Writing comes as naturally as breathing. Of course, it’s the kind of breathing in which you must forcibly drag the air into and then push it out of your lungs. You must constantly remind yourself to do it, and it requires a close watch on your oxygen saturation, but it keeps you alive.

Despite oaths declaring we are quitting forever; we go right back to it. The reason why is simple. Our imaginations aren’t wild enough to picture ourselves not writing. We can’t help it. Writing is just part of who we are and that all seems pretty matter-of-fact and mundane—to us. As has often been pointed out to me “there is not in every man that knowledge”.

Don’t misunderstand me here. I’m not saying writers are smarter than other people. Many of us, however, are blind to a certain degree when it comes to what we do. That’s why we often find ourselves scratching our heads and wondering why people find writers interesting.
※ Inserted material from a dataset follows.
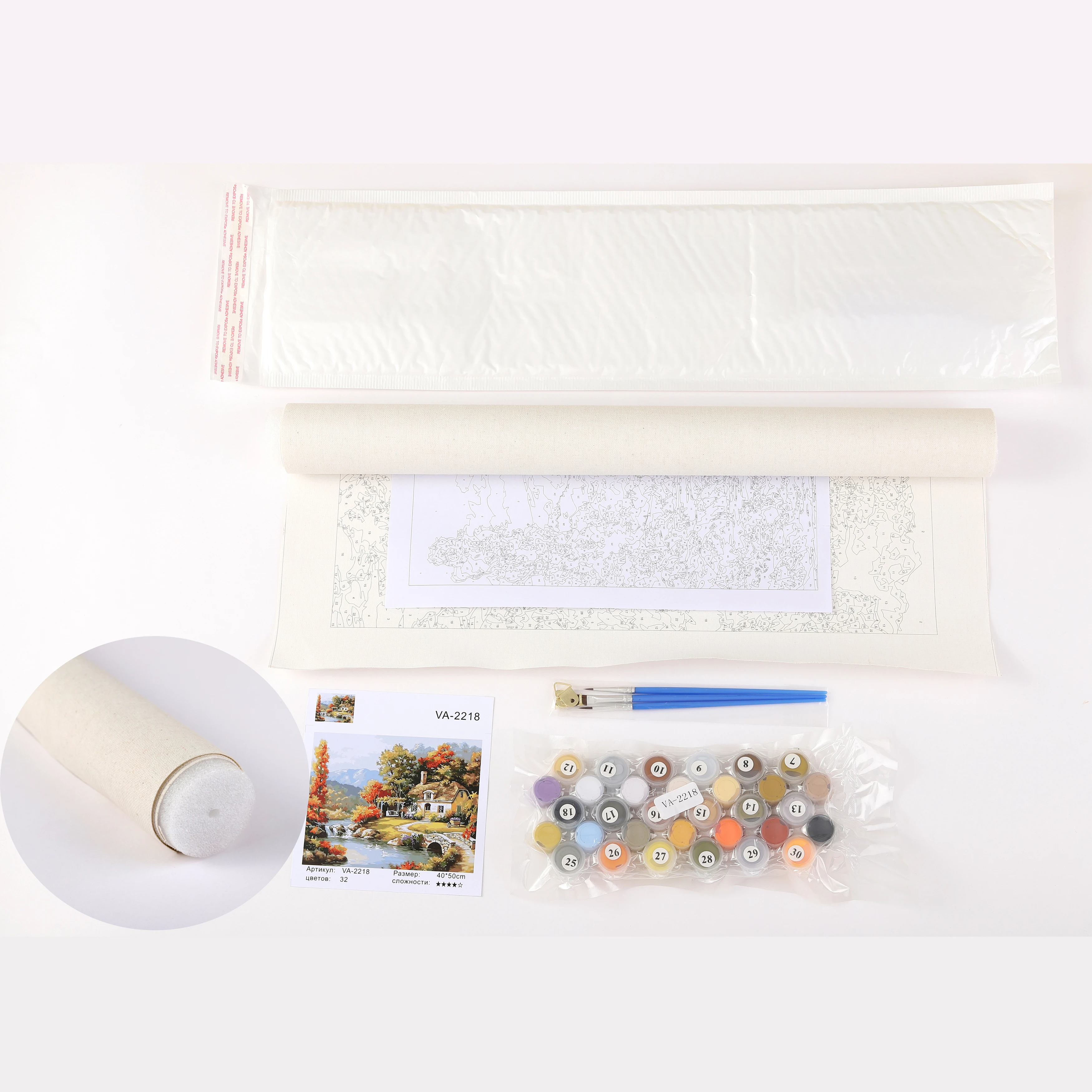 Размер: 40 × 50 см Рамка: без рамки; Рамка «сделай сам» Упаковка: свернут в пузырчатый пакет Доступно: Да Что внутри: Льняной холст 1 шт. 3 щетки 1 набор акриловых красок 1 шт. инструкция Вешалка Винты Не Законченная картина, вам нужно закончить самостоятельно

I never get tired of people asking me where I get my ideas, or how is it possible to fill up all those pages with words. I honestly don’t understand it but there is a mystique that goes with being a writer. Maybe it’s the fact that we still have conversations with invisible friends, or that we can teleport to unseen worlds.

That is pretty cool. Of course, growing up, I never wanted to fit in. I always wanted to be the guy that when people saw me, they whispered behind their hands, “that dude is weird”. Writing has made that wish come true, but for a writer that’s just everyday stuff.

The fascinating life people think I live is all done with smoke and mirrors. The only real mystery for me is whether I should tell them.